-- Work request --
Would you give again, exactly as written, the lines from the opening of the records to the line with "The crisis cards", that line included and pictures excluded?

***

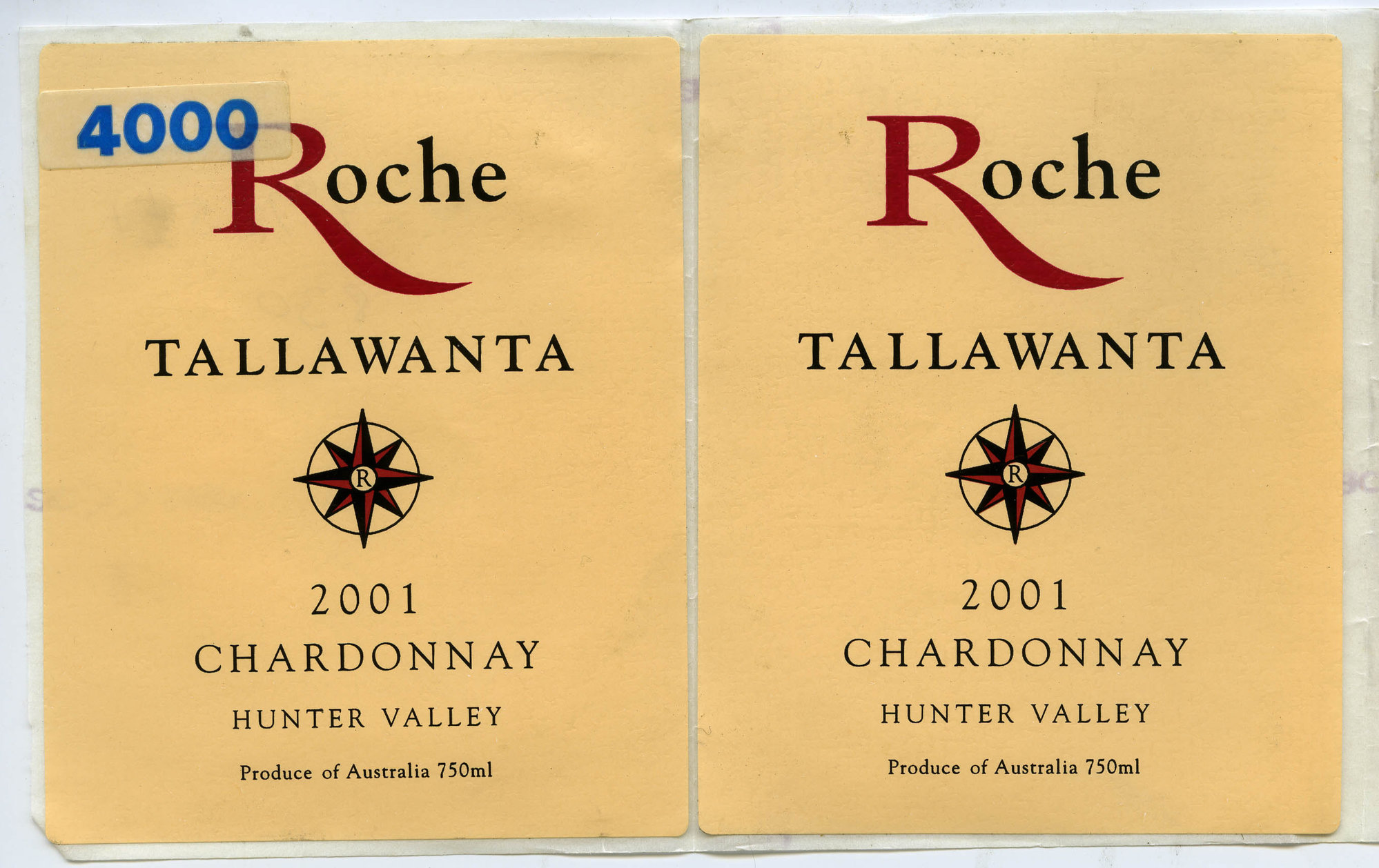 Label reads: "Roche Tallawanta 2001 CHARDONNAY Hunter Valley Produce of Australia 750ml"
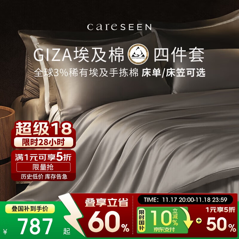 康尔馨埃及棉高级感四件套床笠款 100支纯棉床上用品 珐琅灰 1.8米床
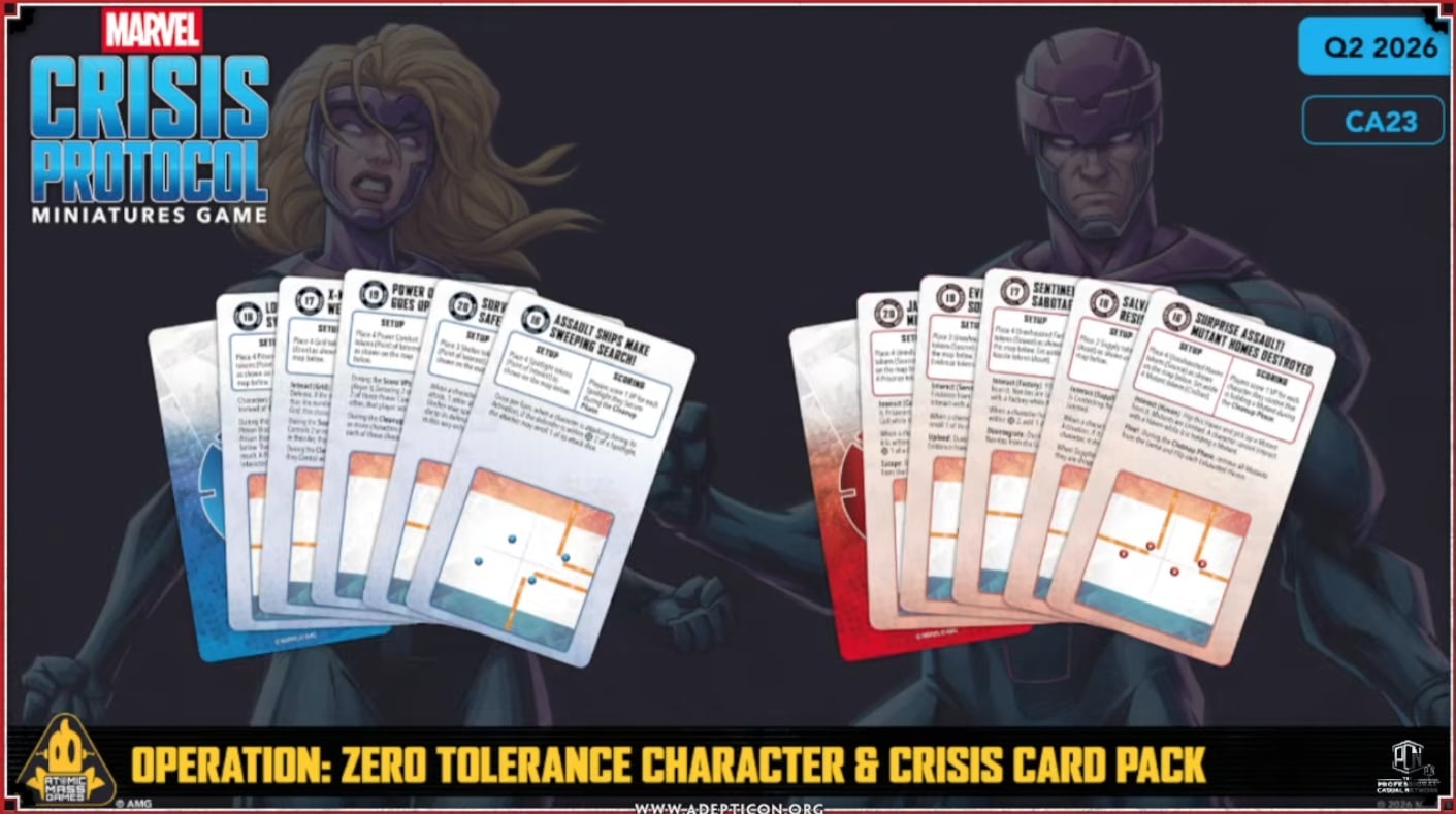 The crisis cards will also include a “narrative” sheet so you can play through the story of Operation: Zero Tolerance by way of the missions. It’s a fun and thematic way to use them. It’s should be similar to the War of Kings set.
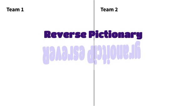 The class divides into two teams and each team takes turns designating a single artist. The artists need to close their eyes with their backs to the board while two words are shown. The words dissapear and the rest of their team will give them instructions what to draw. The first artist to guess what they are drawing wins the round.
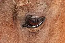 Lashes, being hair, are found in mammals. Camels' lashes are remarkably long and thick. Horses and cows feature eyelashes as well. Inherited eyelash problems are common in some breeds of dogs as well as horses.
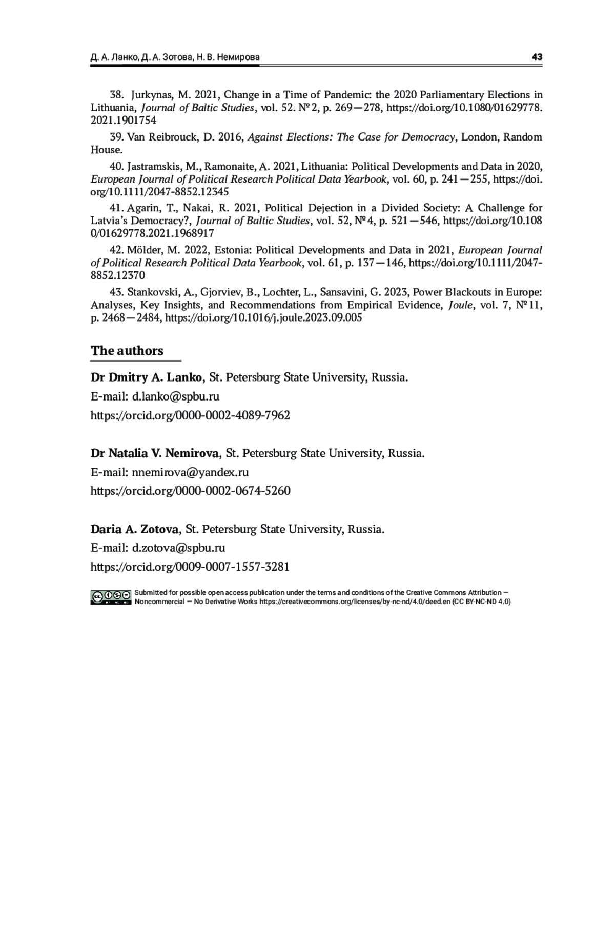 41. Agarin, T., Nakai, R. 2021, Political Dejection in a Divided Society: A Challenge for Latvia’s Democracy?, Journal of Baltic Studies, vol. 52, № 4, p. 521-546,. DOI: 10.1080/01629778.2021.1968917 EDN: ZALOZY
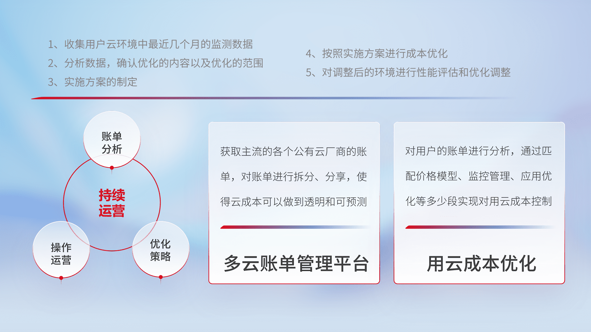 通过多云纳管,,,以统一的资源数据模型把客户的云资源进行抽象和封装,,,,进而实现对多云资源的统一操作,,保障云资源管理的可靠性、、稳定性与可用性。。量身定制化运维内容,,配置、、、开发运维、、补丁管理、、、、备份、、、监控、、、认证和访问管理、、、审计和日常巡检等,,保障在用云过程中的可靠度,,,稳定度以及高可用率。。。
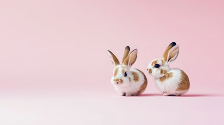 white rabbits and decorative eggs on a soft pink background, evoking a playful Easter and spring celebration theme
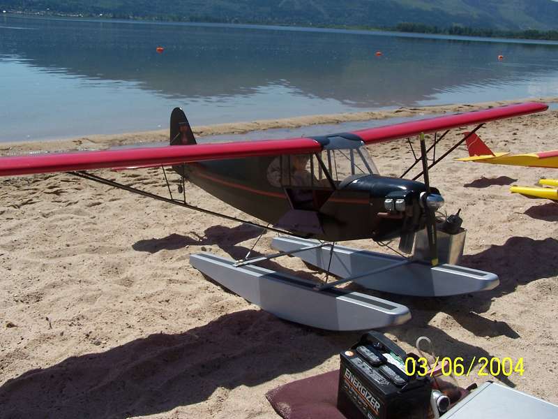 Well yours is going to be a great float flyer. Here is a pic of my cb. It is just a baby to yours but it flys sweet and adds some charicter to the dislpay. Also I will include a pic of mine with my buddies .60 size cub. He really likes his on floats also.
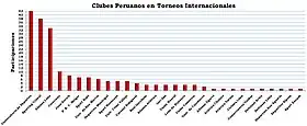 Universitario is the Peruvian club that more international cups disputed, with 46 participations, followed by Sporting Cristal (45), Alianza Lima (37), Melgar (13), Cienciano (11), Sport Huancayo (9), Juan Aurich (8), Sport Boys (8) and Universidad César Vallejo (7).
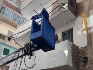 رفع وتوصيل كابلات هوائيّة مقطوعة وإعادة إمرار التيار الإنارة، ورفع نصف عامود مكسور وعدد (٢) كشاف مكسور بسبب العوامل الجوية بشارع العيسوى تقاطع شارع محمد نجيب
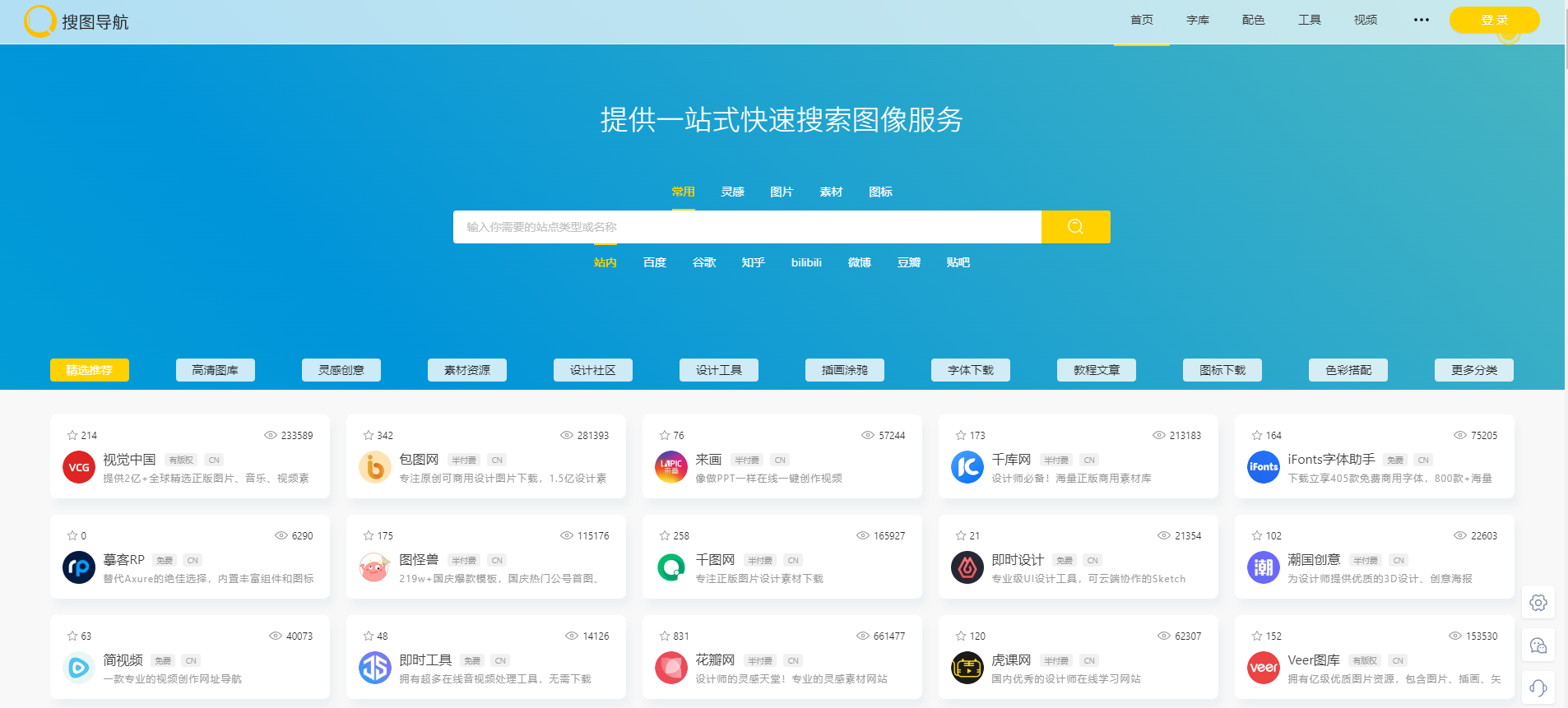 2、搜图导航:https://www.91sotu.com/。图片搜图导航网站,汇总的比较全面,收藏这一个差不多就够了

***

-- Task solution --
 Label reads: "Roche Tallawanta 2001 CHARDONNAY Hunter Valley Produce of Australia 750ml"
 康尔馨埃及棉高级感四件套床笠款 100支纯棉床上用品 珐琅灰 1.8米床
 The crisis cards will also include a “narrative” sheet so you can play through the story of Operation: Zero Tolerance by way of the missions. It’s a fun and thematic way to use them. It’s should be similar to the War of Kings set.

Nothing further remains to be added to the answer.